In truth, the broad problem with regulation at all levels of government has less to do with its content than its method. As a rule, U.S. regulations are increasingly minute, narrow, and numerous. One consequence of this approach is that regulatory approval often balloons to absurd proportions, leading to hopelessly delayed projects and enormous expense for no good reason. We've seen this time and again with environmental review for infrastructure projects. Projects with minimal or negligible environmental impact can be caught up in years of investigation, reporting, and litigation, stifling progress and making long-term planning very difficult.
Fortunately, this issue is finally getting some attention in Congress. Senator Angus King (I-ME) recently summed up the idea in testimony at a hearing with the Senate Committee on Homeland Security and Government Affairs:
Regulation is an essential function of our government and is critical to protecting the things our society values, like the environment, public health, and safety.

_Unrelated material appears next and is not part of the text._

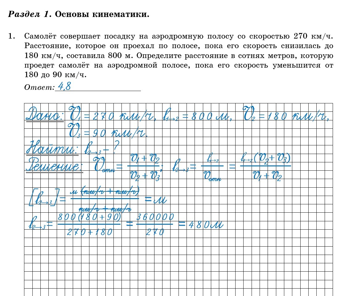 Самолёт совершает посадку на аэродромную полосу со скоростью 270 км/ч. Расстояние, которое он проехал по полосе, пока его скорость снизилась до 180 км/ч, составила 800 м. Определите расстояние в сотнях метров, которую проедет самолёт на аэродромной полосе, пока его скорость уменьшится от 180 до 90 км/ч.
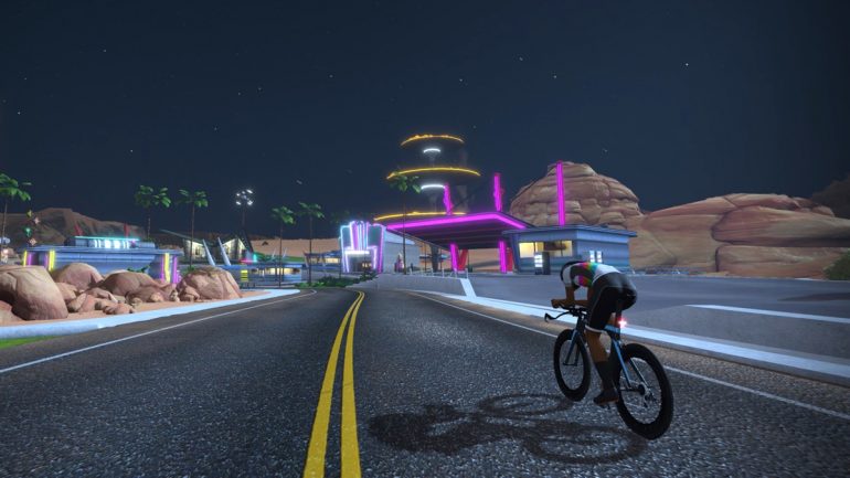 The main route has just a few mild gradient changes, making it ideal for an easy ride, time trial, or all-out effort. Tracking at 10km out and 10km back, a roundabout at the road’s end lets you see the desert from all sides or exit the desert near the base of Watopia’s Epic KOM climb.

However, I am opposed to senseless regulation--those rules that do not serve a greater public purpose and are burdensome or impede our ability to compete with the rest of the world.

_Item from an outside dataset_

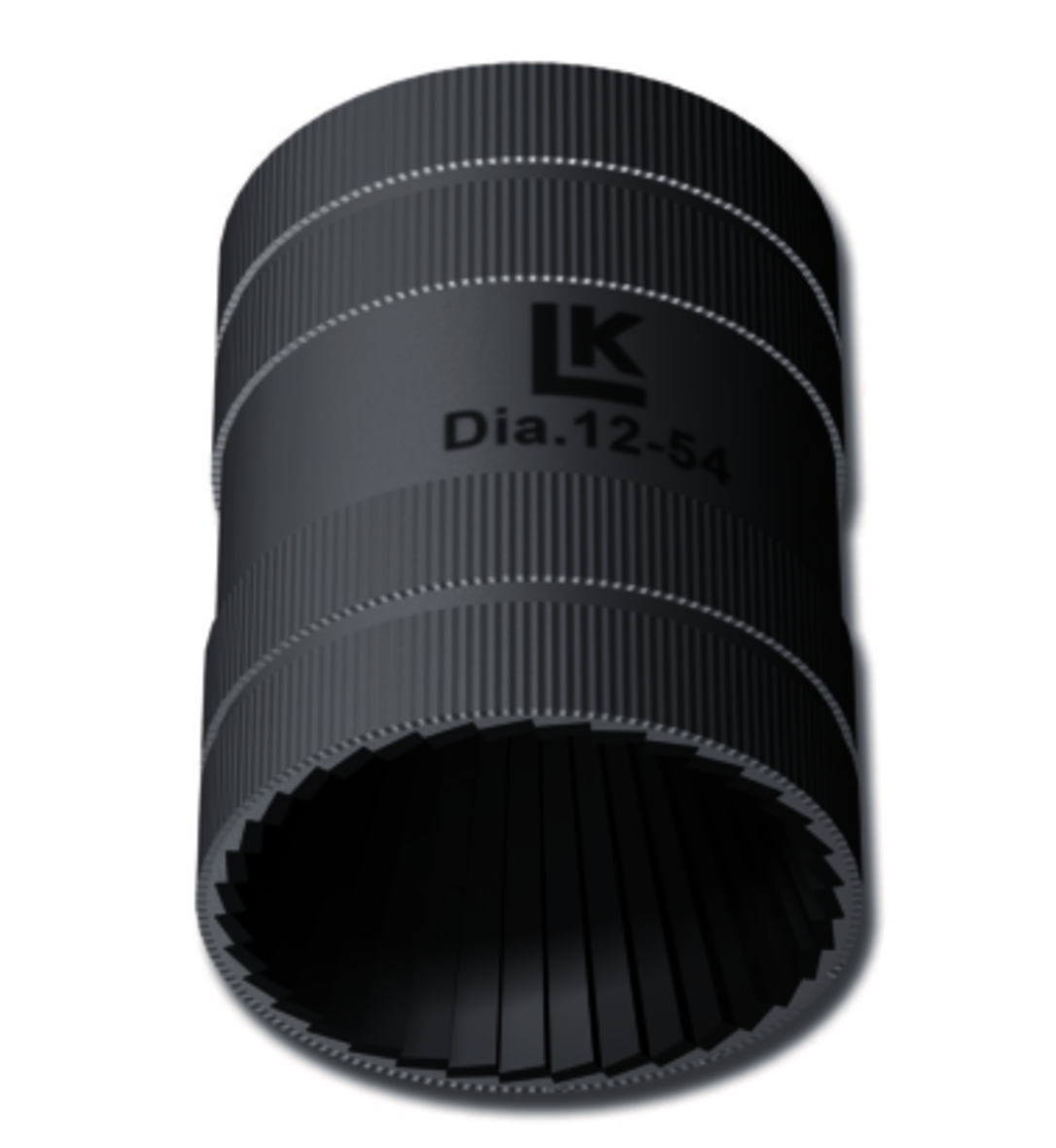 För in- och utvändig gradning av plast-, koppar- och stålrör, i alla dimensioner från 12 till 54 mm. OBS! För LK PAL-rör ska de särskilda kalibreringsverktygen användas.

King told the Subcommittee on the Efficiency and Effectiveness of Federal Programs and the Federal Workforce that our current regulatory permitting process is hopelessly protracted and inefficient. Fixing the process is imperative for the sake of American infrastructure and the economy--and, as King says, it doesn't have to come at the expense of environmental protection:
It bears mentioning that tough standards and a timely process need not be at odds with one another. When I was governor of Maine, I used to say that I wanted Maine to have the toughest environmental standards in the country coupled with the country’s most predictable, user-friendly process. A project’s desirability should be based upon its merits, and its viability should not be determined by its opponents’ ability to delay the regulatory process.

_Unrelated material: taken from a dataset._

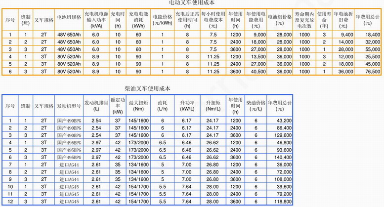 電動(dòng)叉車(chē)與柴油叉車(chē)能耗對(duì)比

The answer is not to weaken regulatory protection, but to clarify and simplify the process. Doing so would promote construction that is both responsible and timely, and it would increase our ability to repair our failing national infrastructure. King's solution:
Can we find a way to permit major projects at a cost that is not extraordinarily prohibitive and within a reasonable time frame without trampling on the legitimate rights of the people impacted? I believe we can. One of the first steps we could take is to address the issue of serial permitting--i.e., the phenomenon of uncoordinated and successive permitting approvals for a single project. When I was governor of Maine, we addressed this problem by creating a system of "one-stop regulatory shopping," which put the responsibility of issuing the final permit within one agency and required all the other agencies to coordinate and consult with the lead agency.
I believe a similar process could work at the federal level, and two members of this subcommittee, Senator Portman and Senator McCaskill, have introduced a bill that takes this very approach. The bill--S. 1397, the Federal Permitting Improvement Act of 2013--would institute some important changes to federal permitting procedures, and I am proud to announce my co-sponsorship of the bill today.